Transcribe exactly, and without pictures, only the lines from the one bearing "L'objectif du pôle" through the final line of the data below.

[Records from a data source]
[Start of section]

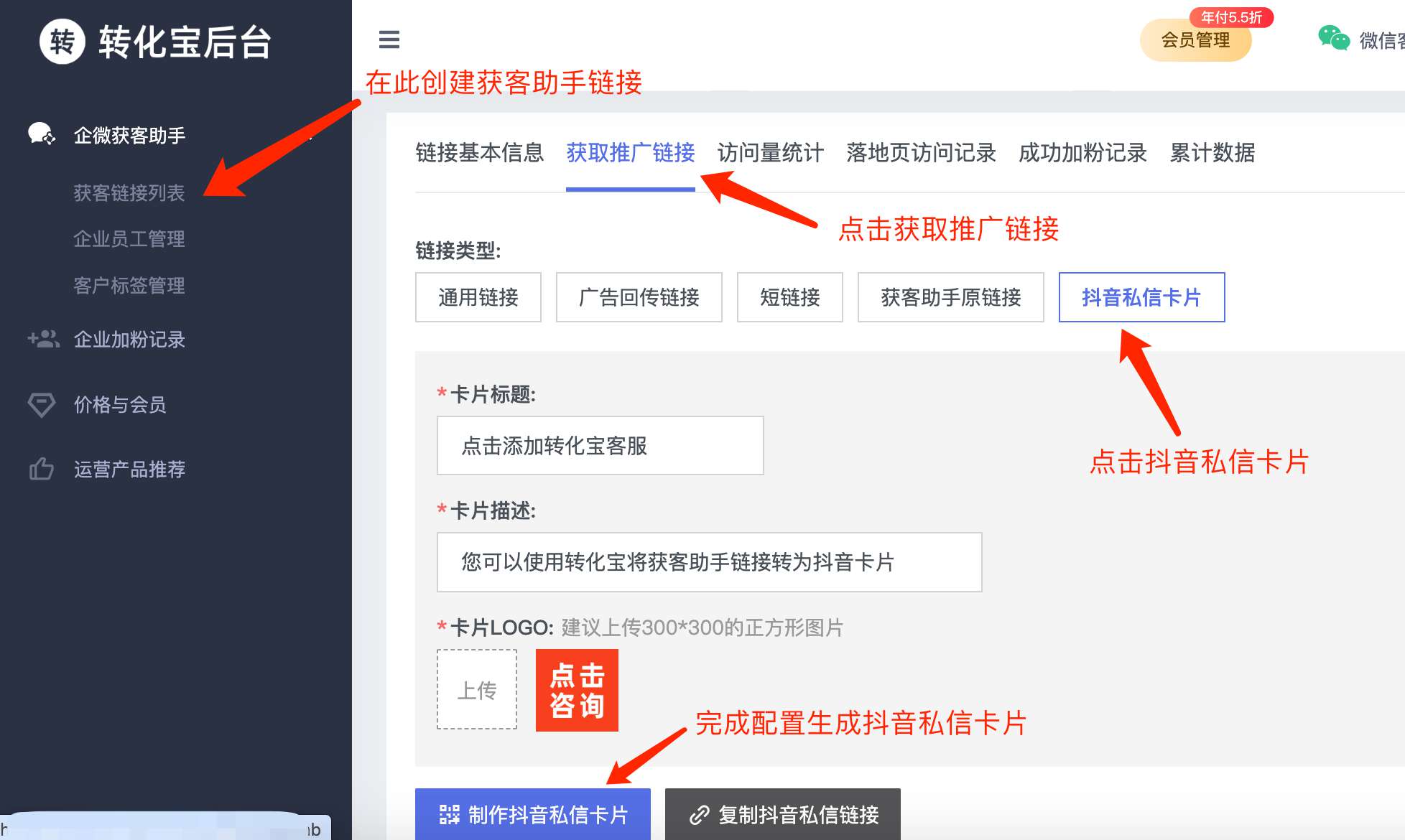 转化宝是一款功能强大的第三方工具,它不仅支持将获客助手转化为抖音私信卡片,还具备获客助手内测申请、链接管理、客户自动打标签等多种功能。使用转化宝制作获客助手卡片的步骤非常简单:登录转化宝后台,创建获客助手链接,进入链接详情页面,点击获取推广链接,填写卡片内容,最后点击生成卡片即可。首次使用苹果手机扫码制作,后续安卓苹果手机均可使用。通过这种方式生成的卡片,封面、标题、描述等都可以自定义,能够更好地吸引用户点击。
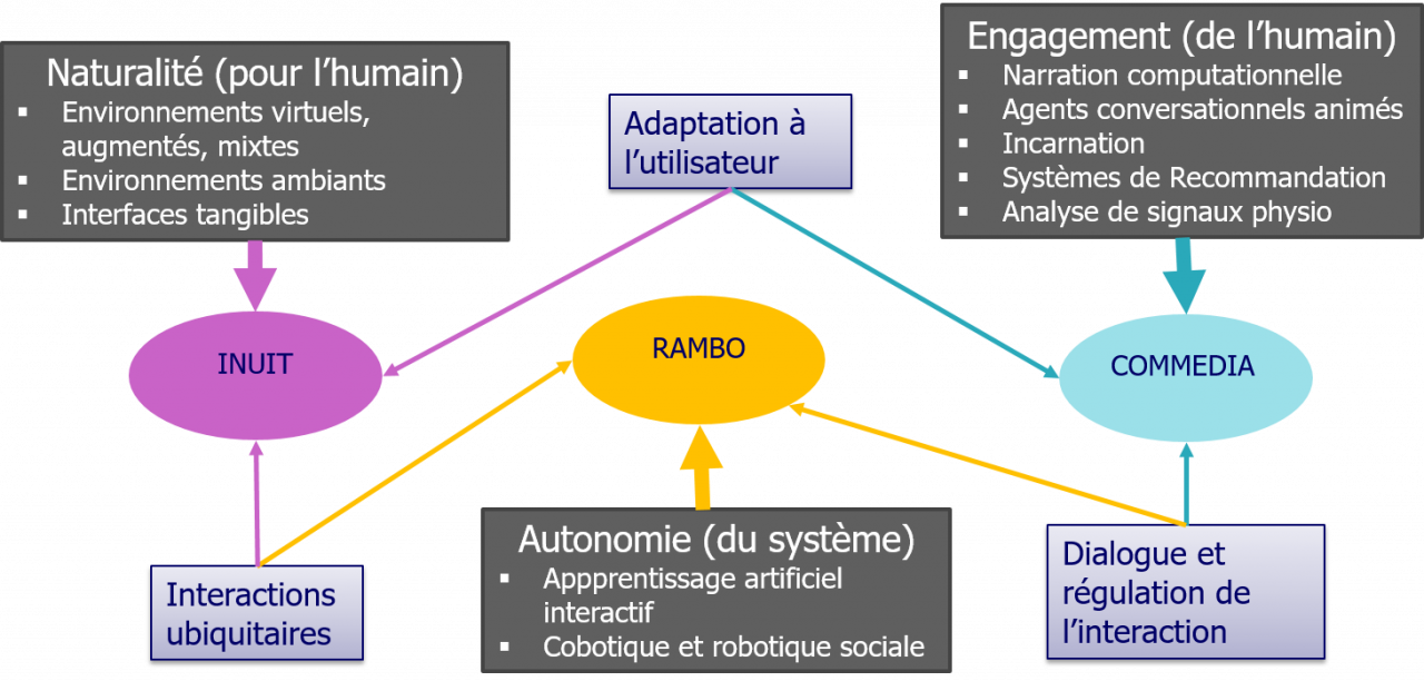 L'objectif du pôle interaction est d'apporter des connaissances et des technologies permettant de contribuer à l'amélioration des interactions entre des utilisateurs et des systèmes. Il se focalise sur la notion sensorimotrice de l'interaction en adressant des thématiques d'immersion, d'incarnation ou de couplage sensorimoteur. C'est donc un pôle pluridisciplinaire. Il est composé de trois équipes : l'équipe COMMEDIA fait des ponts entre les connaissances en psychologie et celles en informatique afin d'améliorer l'engagement que va susciter un système. L'équipe INUIT se focalise sur des solutions technologiques immersives et leur évaluation pour améliorer leur naturalité tandis que l'équipe RAMBO aborde les techniques émergentes en apprentissage automatique pour doter les systèmes interactifs de la plus grande autonomie possible.
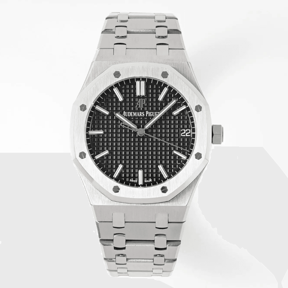 오데마피게 로얄오크 블랙 텍스처 다이얼 SS 브레이슬릿 V3 41mm 15500
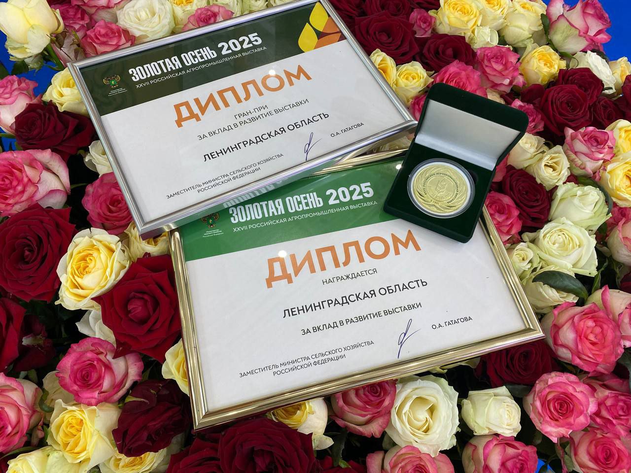 Гран-при и золотую медаль за вклад в развитие выставки «Золотая осень» 2025 года получила Ленинградская область.
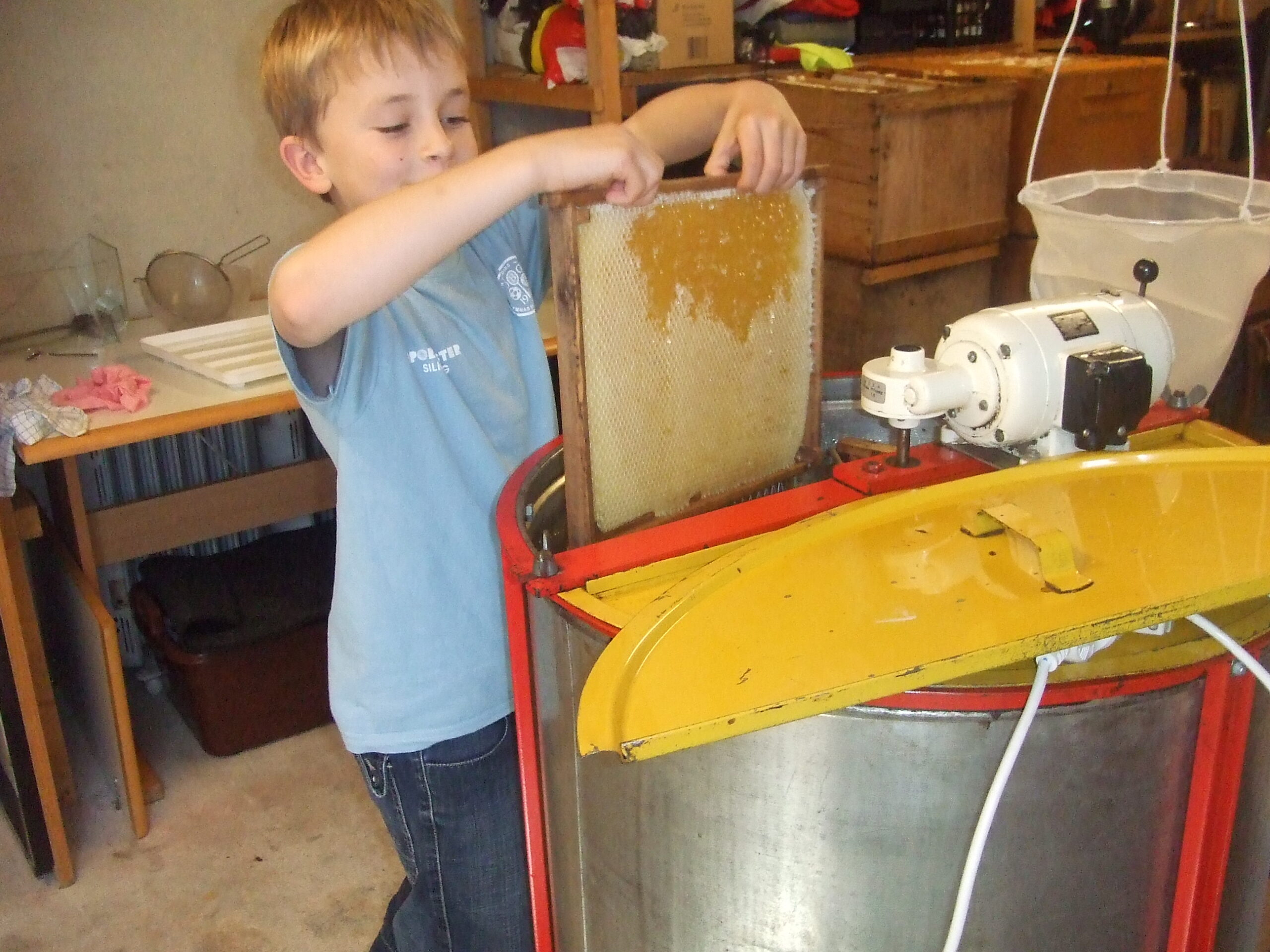 Når biavleren kommer hjem med honningtavlerne, skal vokslågene over honningen først fjernes. Ellers kan honningen ikke komme ud af tavlen. Man bruger er en speciel gaffel til at tage lågene af med. Det kan være lidt svært, de første gange man prøver. Men når du har prøvet det nogle gange, er det ikke så svært.

[End of section]

RESULT OF THIS EXERCISE —
 L'objectif du pôle interaction est d'apporter des connaissances et des technologies permettant de contribuer à l'amélioration des interactions entre des utilisateurs et des systèmes. Il se focalise sur la notion sensorimotrice de l'interaction en adressant des thématiques d'immersion, d'incarnation ou de couplage sensorimoteur. C'est donc un pôle pluridisciplinaire. Il est composé de trois équipes : l'équipe COMMEDIA fait des ponts entre les connaissances en psychologie et celles en informatique afin d'améliorer l'engagement que va susciter un système. L'équipe INUIT se focalise sur des solutions technologiques immersives et leur évaluation pour améliorer leur naturalité tandis que l'équipe RAMBO aborde les techniques émergentes en apprentissage automatique pour doter les systèmes interactifs de la plus grande autonomie possible.
 오데마피게 로얄오크 블랙 텍스처 다이얼 SS 브레이슬릿 V3 41mm 15500
 Гран-при и золотую медаль за вклад в развитие выставки «Золотая осень» 2025 года получила Ленинградская область.
 Når biavleren kommer hjem med honningtavlerne, skal vokslågene over honningen først fjernes. Ellers kan honningen ikke komme ud af tavlen. Man bruger er en speciel gaffel til at tage lågene af med. Det kan være lidt svært, de første gange man prøver. Men når du har prøvet det nogle gange, er det ikke så svært.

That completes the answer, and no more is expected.